→ **WORK TASK**:
Within the listing that follows, reproduce exactly the lines starting at the line with "Vista esterna villino" and ending at the line with "L'information municipale en direct", inclusive, and only those. Pictures are dropped.

→ **RECORDS FOR PROCESSING**:
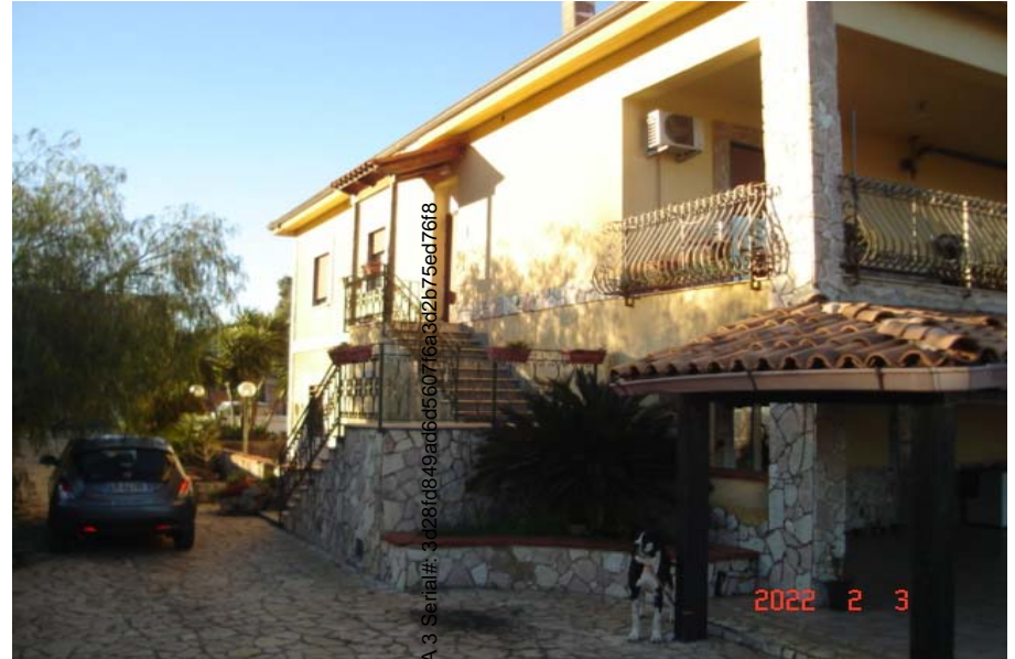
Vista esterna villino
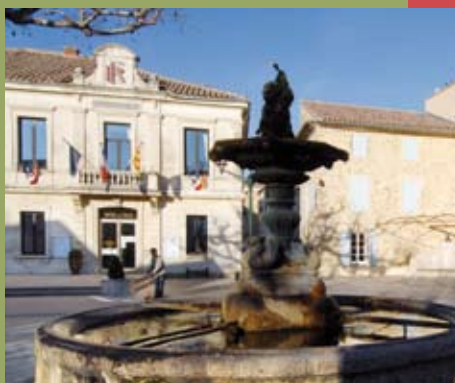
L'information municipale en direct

...

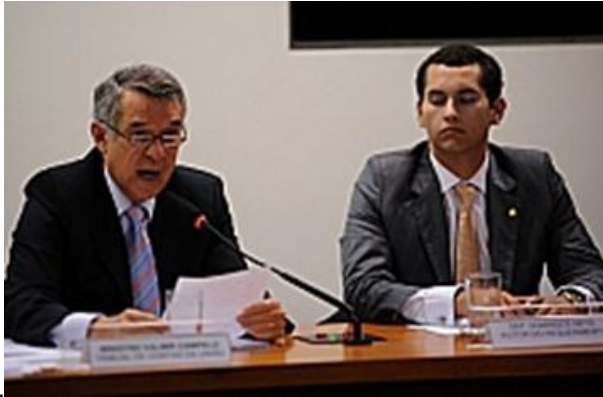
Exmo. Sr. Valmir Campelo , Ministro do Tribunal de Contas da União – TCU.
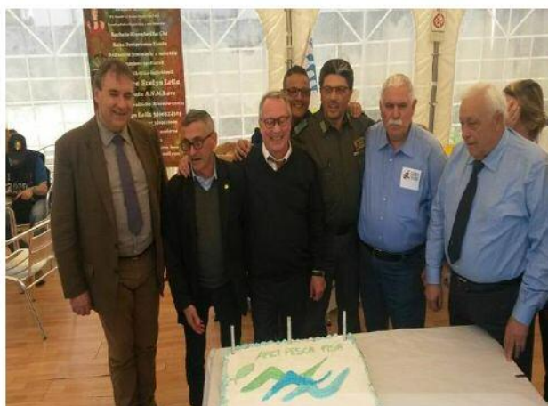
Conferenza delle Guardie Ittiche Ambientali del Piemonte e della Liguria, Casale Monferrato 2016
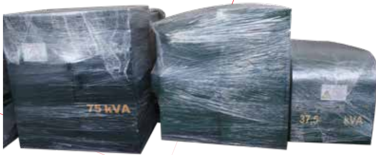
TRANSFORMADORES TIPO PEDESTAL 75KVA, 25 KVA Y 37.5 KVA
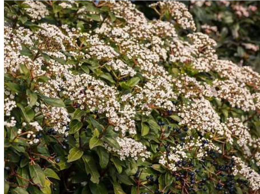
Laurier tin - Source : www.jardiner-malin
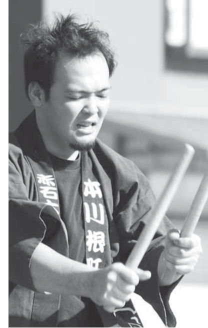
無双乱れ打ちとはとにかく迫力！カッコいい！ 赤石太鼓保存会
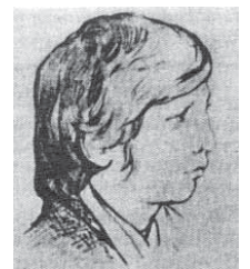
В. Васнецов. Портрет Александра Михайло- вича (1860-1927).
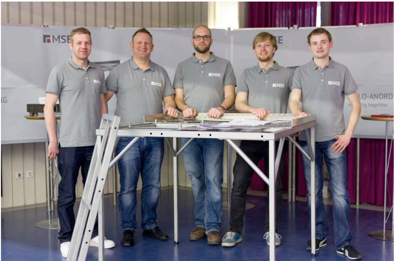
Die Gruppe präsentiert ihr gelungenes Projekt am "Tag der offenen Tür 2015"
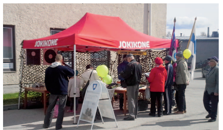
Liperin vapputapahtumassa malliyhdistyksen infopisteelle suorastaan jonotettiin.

→ **OUTPUT OF THE TASK**:
Vista esterna villino
L'information municipale en direct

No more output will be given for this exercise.